L’ultimo episodio che ha suscitato indignazione fra i pochi commentatori per i quali è chiara la differenza tra rispetto e sottomissione, è avvenuto nella prima settimana del nuovo anno con l’esordio della missione europea in visita a Damasco.

Al Jolani, il sedicente moderato che s’è da poco insediato in Siria al posto di un mostro non sedicente come lo scappato di casa Bashar al Assad (per il quale un tribunale penale internazionale non glielo leva nessuno), s’è rifiutato di dare la mano alla ministra tedesca degli Esteri, Annalena Baerbock, tenuta distinta e distante, al contrario del collega francese Jean-Noël Barrot.

Da uomo a uomo questo capo islamico dei ribelli siriani, che fino a ieri figurava nelle liste americane dei peggiori terroristi (con una taglia di 10 milioni di dollari per chi avesse fornito informazioni valide per la sua cattura: così va il mondo), ha dimostrato come continua a considerare le donne. Pur avendo lui deposto le armi e sistematosi pacificamente la barba.

Peggio ancora capitò a Ursula von der Leyen, quando nella primavera 2021, pure lei tedesca in delegazione europea ad Ankara sempre con un francese, Charles Michel, fu lasciata senza sedia da quel galantuomo del presidente turco Erdogan. Accucciata su un divano lontano dal Sultano, trattamento che nessun padrone riserverebbe al proprio cane.

Oggi come allora quegli uomini francesi, pur malati di “grandeur”, non hanno avuto la dignità di reagire, almeno loro. Per esempio (Michel) cedendo alla nostra Ursula, presidente della Commissione europea, la sua comoda poltrona accanto a Erdogan. Ma in Francia che educazione hanno ricevuto da piccoli?

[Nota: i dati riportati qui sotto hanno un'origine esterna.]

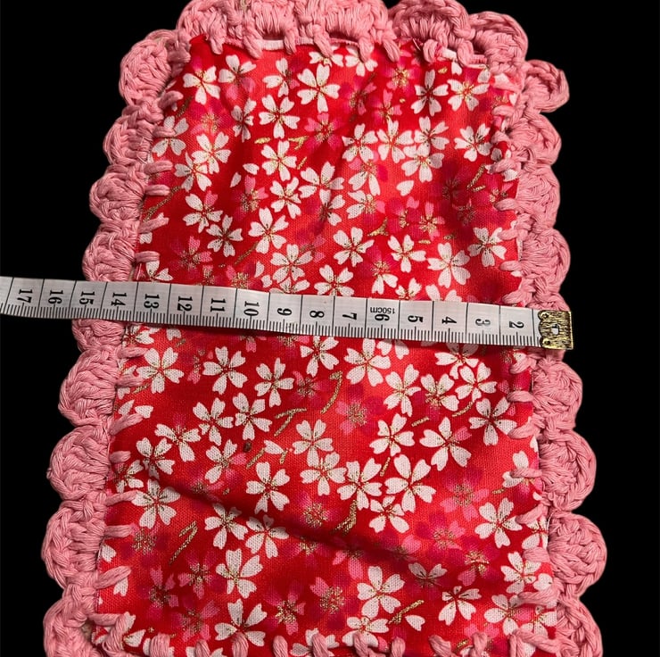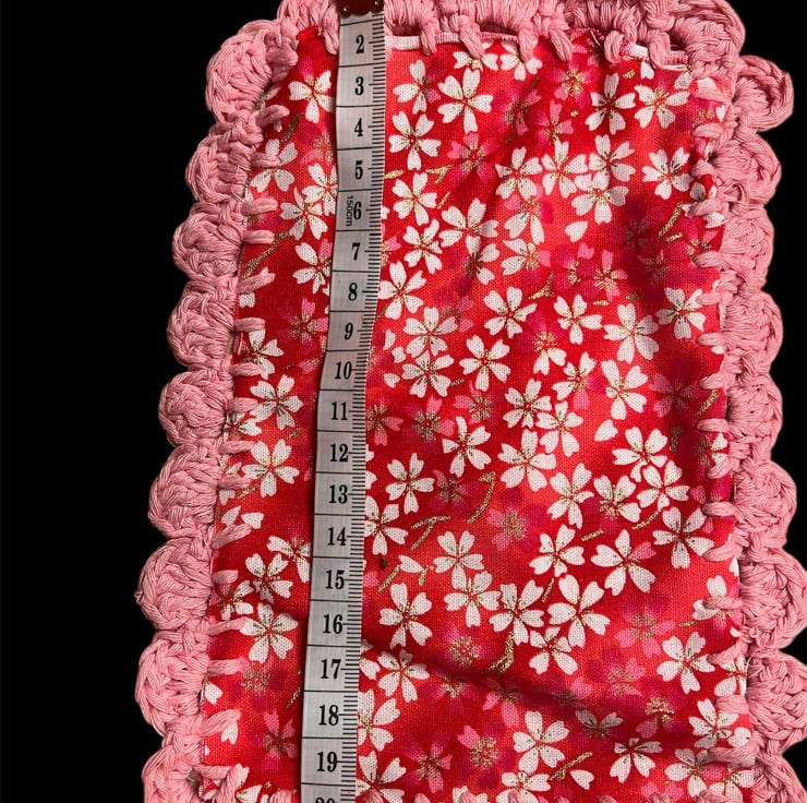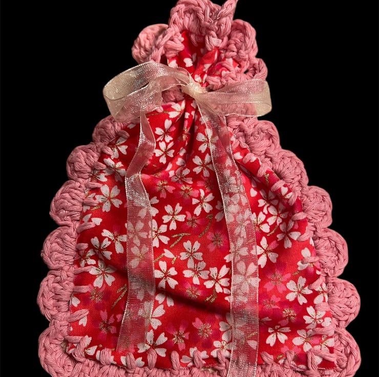 - Reusable Fabric Gift Bag with Crochet Trim: A sustainable, charming pink fabric bag adorned with intricate crochet detailing, perfect for presenting your gift in style.
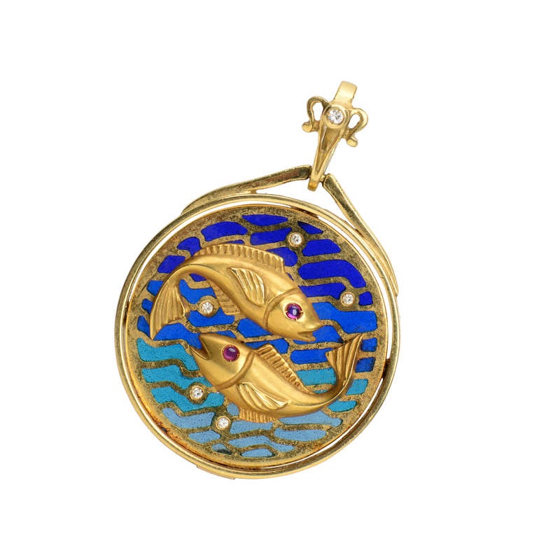 Signed Tinelli, this Italian Zodiac pendant embodies the spirit of the watery world of Pisces.

Peggio del peggio capitò (e ancora capita) quando, stavolta donne potenti che rappresentano istituzioni europee o italiane, per un malinteso e ridicolo senso di rispetto si coprono la testa col velo, mentre incontrano maschi del regime iraniano. Verso i quali si manifesta perfino l’ossessione di coprire in gran fretta e nottetempo monumenti per non urtare non si capisce quale sensibilità dell’ospite straniero a zonzo nei Musei Capitolini (presidente iraniano Hasan Rosani, visita a Roma, anno 2016).

Come se il nudo, scolpito da grandi artisti del passato, potesse suscitare la terza guerra mondiale. E comunque questa è la nostra arte. Se tu, presidente iraniano, chiedi di ammirarla e condividerla, il che ci fa immenso piacere, te la guardi come l’artista ha creato la sua opera. Altrimenti è censura. Ma qui non s’usa ciò che è regola a casa tua.

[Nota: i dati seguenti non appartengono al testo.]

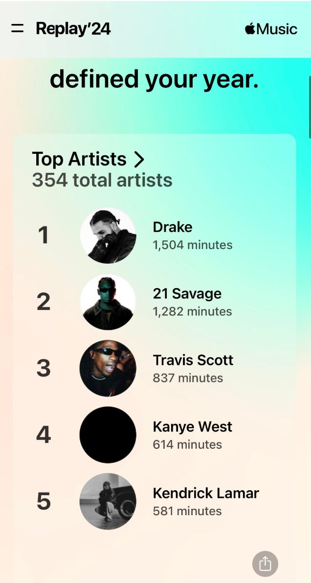 Out first Apple Music submission! From everything I hear, Apple Music is superior to Spotify in terms of music quality. Apparently they get the music fresh off the vine, meanwhile Spotify has some additives that waters it down a little. I'll never leave Spotify because I'm too used to it, but I hear the folks over at Apple Music are doing a spot up job. As for the top 5 above, can anyone take a guess? I'll give some hints- Young, works in the Chicago office, and I'm super intimidated by. It's Annika, aka King Krabby Patty. 1,500 minutes of Drake I'm assuming is the same as me having Dashboard Confessional in my top 5.
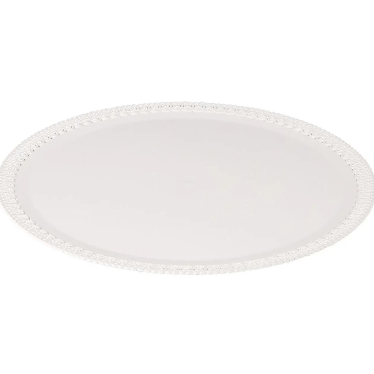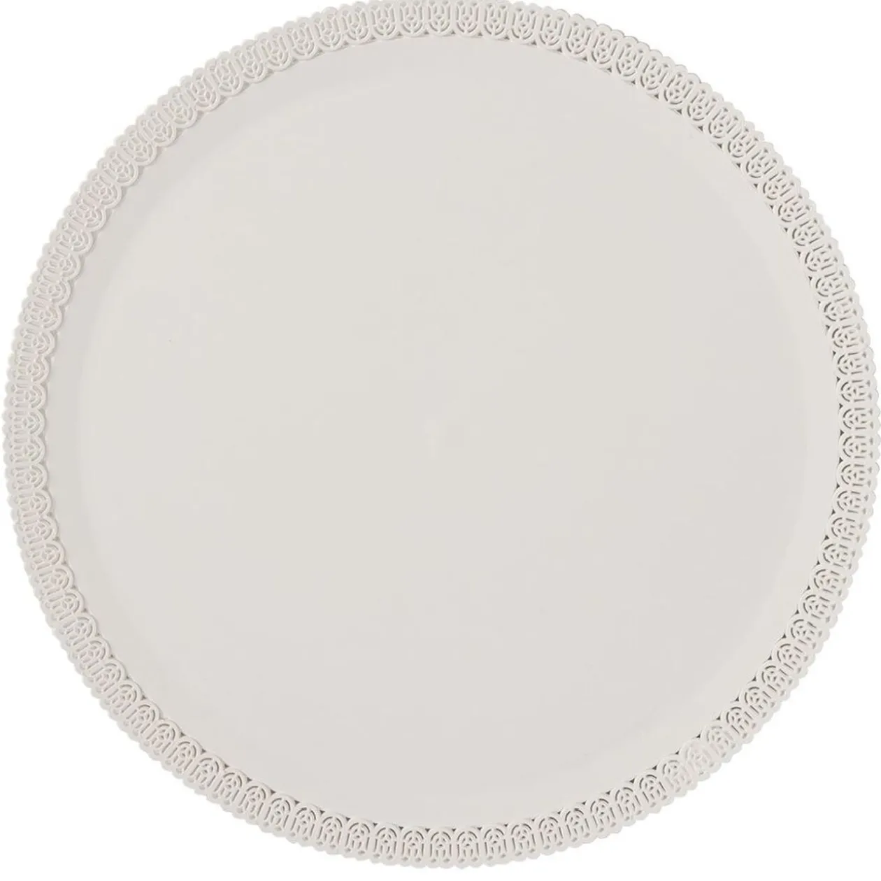 Plateau de présentation pour gâteau rond en plastique blanc avec joli décor en relief sur tout le contour.

Parlavamo, però, del velo, che è diventato il simbolo di liberazione per le donne discriminate nella loro Patria iraniana. Se lo tolgono, specie le più giovani, in segno di sfida contro gli ayatollah e con la certezza d’essere punite e rischiando la morte. Picchiata a morte per il velo troppo allentato: accadde alla ventiduenne Mahsa Amini il 16 settembre 2022.

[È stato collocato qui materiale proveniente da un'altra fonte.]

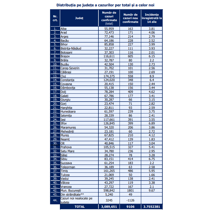 Distribuția pe județe a cazurilor COVID
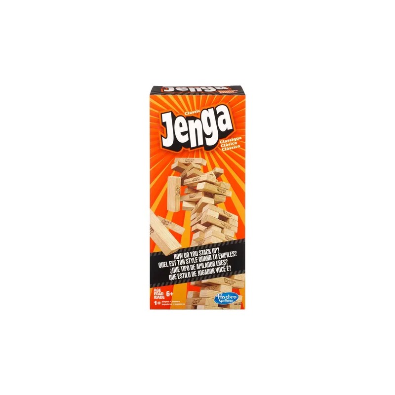 uego De Mesa Hasbro Gaming Jenga Clásico De Madera +6 Años. Es el juego de equilibrio y destreza ideal para todas las reuniones. El objetivo es mantener la calma y demostrar precisión para retirar los bloques de madera uno a uno sin derribar la torre.

E noi che facciamo in Occidente? Ancora discutiamo sull’opportunità o no che libere donne europee di alta rappresentanza lo indossino in determinate circostanze. La cosa non è più soltanto ridicola: è offensiva nei confronti delle iraniane che danno la vita per la libertà anche dal velo.

Dunque, poiché libertà e democrazia il mondo va cercando, e libertà e democrazia possono essere esportate e importate, purché lo si faccia senza missili né cannonate (pratica, quella, tipica di Putin), almeno al momento dei saluti schiena dritta, o europei ed europee!

Se altrove per pregiudizio o tradizione del loro credo califfi e post-terroristi sono terrorizzati dall’idea di poter dare la mano a una donna o non la fanno sedere dove dovrebbe stare, la soluzione è alzare i tacchi e andarsene. Platealmente: tutti lo devono vedere e il mondo giudicare.

L’Europa dei diritti della persona non può più piegarsi a simili insulti, a cui satrapi o pseudo-convertiti al dialogo ricorrono anche per farsi belli davanti alla loro gente sottomessa, facendo apparire gli occidentali per quel che purtroppo mostrano di essere: vili e velati.

Se poi i guappi del fondamentalismo vengono da noi, si devono abituare alla nostra educazione e non alla loro prevaricazione.

E non si dica che rifiutare la mano o una sedia a una donna sia, in fondo, piccola cosa davanti al benaltrismo universale di guerre, crisi e carestie.

Se la forma è sostanza, se l’Europa non è soltanto un’espressione geografica, se siamo i paladini della parità tra uomo e donna, l’esempio dobbiamo darlo proprio dove esso è calpestato.